We will not use your data for any purpose beyond those listed above without obtaining fresh consent.

We share data with the following sub-processors to operate the service. Each is subject to a Data Processing Agreement:

We do not sell, rent, or trade your personal data to any third party.

Our sub-processors are based in the United States. When we transfer personal data from the EEA or India to the USA, we ensure adequate safeguards are in place:

• EEA transfers: we rely on Standard Contractual Clauses (SCCs) adopted by the European Commission (Decision 2021/914) with each sub-processor. Copies are available on request.
• India transfers (DPDP Section 16): cross-border transfers are made to countries notified by the Central Government as permissible, or under contractual safeguards equivalent to those mandated by the DPDP Act. We will comply with any future Central Government restrictions on cross-border transfers.

• Account and profile data: retained for the duration of your account. Deleted within 30 days of account deletion.
• Knowledge Base: retained for the duration of your account. Deleted immediately upon account deletion.
• Posts: retained for the duration of your account. Deleted within 30 days of account deletion.
• LinkedIn tokens: deleted immediately when you disconnect LinkedIn or delete your account.
• Usage events: retained for 13 months (12-month rolling window for limit calculation, plus 1 month buffer). Deleted upon account deletion.
• Server logs: retained for 30 days, then automatically purged.
• Legal holds: where we are required by law to retain data beyond these periods, we will retain only the minimum necessary and isolate it from active processing.

You have the following rights under both GDPR and the DPDP Act. To exercise any of them, email privacy@founderskies.com.
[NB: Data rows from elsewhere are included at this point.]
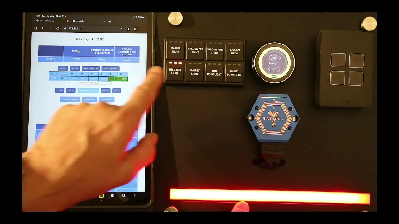 - STAR-switch water proof 8 button switch. Each button can switch dual colour channels (one press white, second press amber – same button) So 8 buttons can manage 10 channels.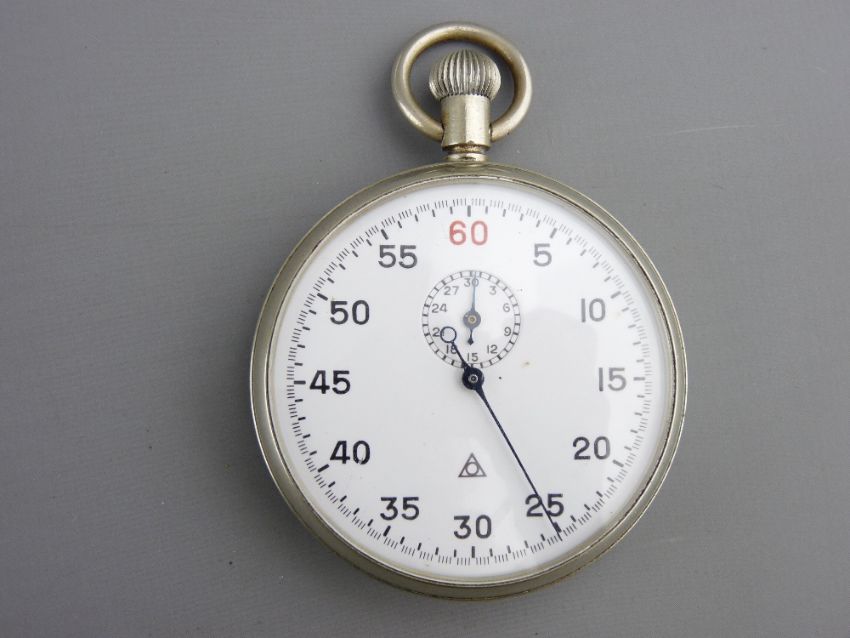 A GERMAN MILITARY ISSUE NICKLE CASED STOP WATCH the case back stamped with third Reich emblem above the letter M, numbered 691N/G and a cased modern Lotus Royale pearl strap lady's watch with mother of pearl dial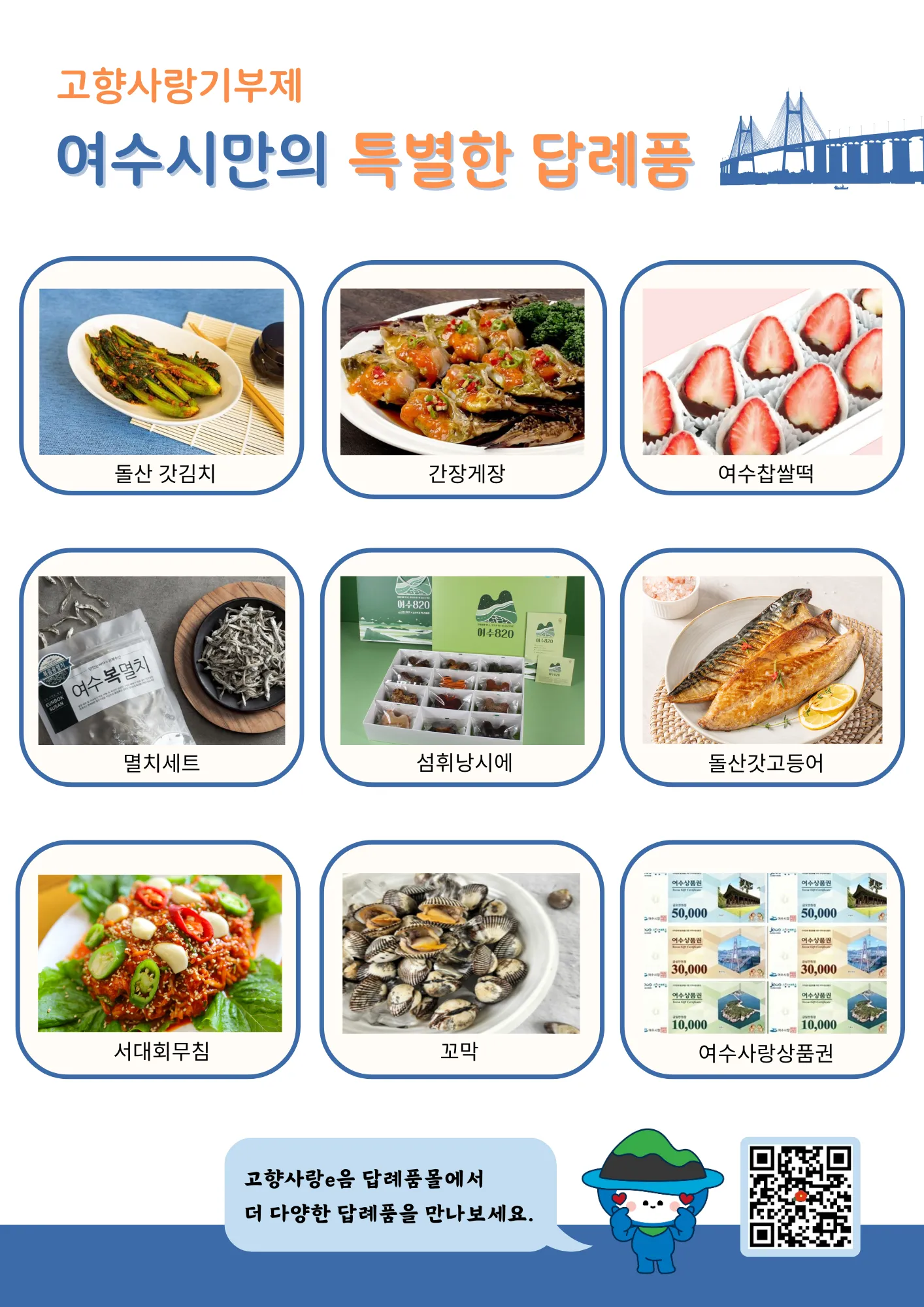 여수시는 지난해 지역축제 등 주요 행사와 여수국가산업단지 입주업체, 출향인 등을 대상으로 찾아가는 고향사랑기부제 홍보 활동을 펼쳐 기부자들의 적극적인 참여를 이끌었다. 특히 여수 대표 특산물인 갓김치와 간장게장, 멸치 등 지역 특산물과 여수상품권 등 다양한 답례품이 기부자들에게 큰 호응을 얻었다.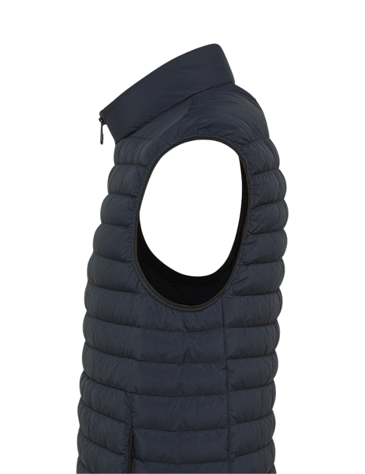 De Peuterey Moise 02 is een licht gewatteerde bodywarmer gevuld met natuurlijk dons en uitgevoerd in ultralicht 20 denier nylon met een subtiel glanzende afwerking. Het model heeft een opstaande kraag, een zwarte ritssluiting met dubbele trekker in contrasterende kleur en handige zijzakken met rits.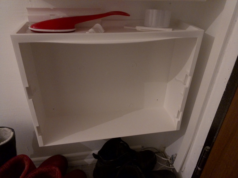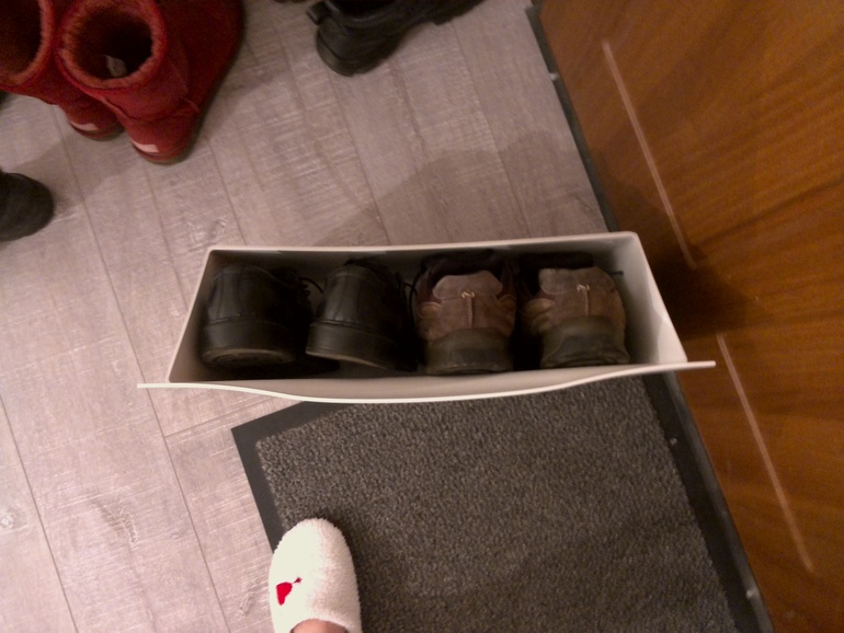 Она достаточно твердая, немного гнется. Не знаю, что надо сделать, чтобы не сломать. Песок высыпаться не будет, так как вставка для обуви литая. А вот как сохнуть будет, не знаю, так как дырок в ней для вентиляции нет. Вот фотки сделала. Две пары мужской обуви. Вытащила внутренний короб.
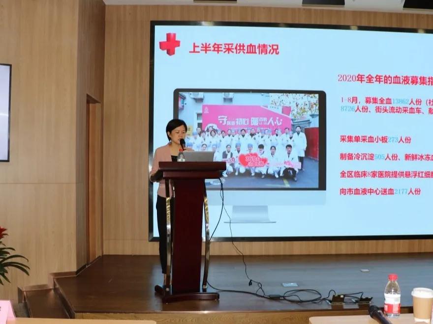 会上,嘉定区血站站长陆萍回顾了2020年1-8月的采供血情况,全面分析了今年全区的无偿献血及临床供血的形势;嘉定区血站副站长石益斌介绍了2020年上海市医疗机构临床用血工作考核要求。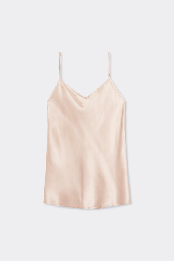 top in raso di seta con scollo a V davanti e dietro. spalline sottili regolabili.

We will respond within 30 days (GDPR Art. 12) or as required by DPDP.

FounderSkies is not directed at children under 18. We do not knowingly collect personal data from anyone under 18. If you believe a minor has provided us with personal data, contact us at privacy@founderskies.com and we will delete it promptly.

Under the DPDP Act, we do not process personal data of children (under 18) and will implement age-verification mechanisms as required by the Central Government's rules.
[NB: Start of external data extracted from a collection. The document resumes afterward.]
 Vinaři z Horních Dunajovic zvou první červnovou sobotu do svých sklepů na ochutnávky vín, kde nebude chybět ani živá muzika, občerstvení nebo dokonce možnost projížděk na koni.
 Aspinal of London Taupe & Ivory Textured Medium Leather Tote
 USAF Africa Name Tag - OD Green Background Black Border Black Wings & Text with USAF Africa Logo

We use only essential session cookies required for authentication (Supabase session management). These cookies are strictly necessary for the service to function and do not require consent under GDPR Recital 47 or ePrivacy Directive Article 5(3).
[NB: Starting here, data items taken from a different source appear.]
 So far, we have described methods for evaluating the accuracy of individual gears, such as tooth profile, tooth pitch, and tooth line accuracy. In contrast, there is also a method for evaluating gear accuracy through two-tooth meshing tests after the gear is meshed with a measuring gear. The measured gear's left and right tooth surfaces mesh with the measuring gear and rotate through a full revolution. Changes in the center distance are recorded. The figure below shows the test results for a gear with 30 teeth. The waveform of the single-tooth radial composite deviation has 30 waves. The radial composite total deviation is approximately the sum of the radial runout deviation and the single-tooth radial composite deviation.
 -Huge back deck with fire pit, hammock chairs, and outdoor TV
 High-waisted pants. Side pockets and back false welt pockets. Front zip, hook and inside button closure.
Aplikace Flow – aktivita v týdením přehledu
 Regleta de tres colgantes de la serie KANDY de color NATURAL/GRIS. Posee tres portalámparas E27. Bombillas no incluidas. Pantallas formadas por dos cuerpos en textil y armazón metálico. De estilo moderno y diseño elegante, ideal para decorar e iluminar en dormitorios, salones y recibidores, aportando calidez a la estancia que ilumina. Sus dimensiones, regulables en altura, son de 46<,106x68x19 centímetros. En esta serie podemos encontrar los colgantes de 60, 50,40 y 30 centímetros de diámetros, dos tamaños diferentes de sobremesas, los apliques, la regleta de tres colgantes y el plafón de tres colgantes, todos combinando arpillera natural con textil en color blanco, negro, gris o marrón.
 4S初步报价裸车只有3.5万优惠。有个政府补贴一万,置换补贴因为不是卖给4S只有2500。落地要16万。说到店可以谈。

We do not use tracking cookies, advertising cookies, analytics cookies, or any third-party cookies. No cookie data is shared with advertisers or data brokers.

• All data is transmitted over HTTPS/TLS 1.2+.
• Passwords are hashed using bcrypt and never stored in plain text.
• LinkedIn tokens are stored encrypted at rest in Supabase with row-level security (RLS) ensuring users can only access their own data.
• Access to production systems is restricted to authorised personnel only, with MFA enforced.
• We perform regular dependency audits and security reviews.

In the event of a personal data breach that is likely to result in a risk to your rights and freedoms:

• GDPR (Art. 33/34): we will notify the relevant supervisory authority within 72 hours of becoming aware. We will notify affected individuals without undue delay if the breach is likely to result in a high risk.
• DPDP Act: we will notify the Data Protection Board of India and affected Data Principals in the manner and within the timeframe prescribed by the Central Government.

To report a suspected breach or security vulnerability, contact security@founderskies.com.

We do not make any automated decisions that produce legal or similarly significant effects about you (GDPR Art. 22). AI-generated content is a tool for your use — you review and approve every post before it is published.

We may update this policy as our service evolves or legal requirements change. For material changes, we will notify you by email or a prominent in-app notice at least 14 days before the change takes effect. The “Last updated” date at the top will always reflect the current version. Continued use of the service after the effective date constitutes acceptance.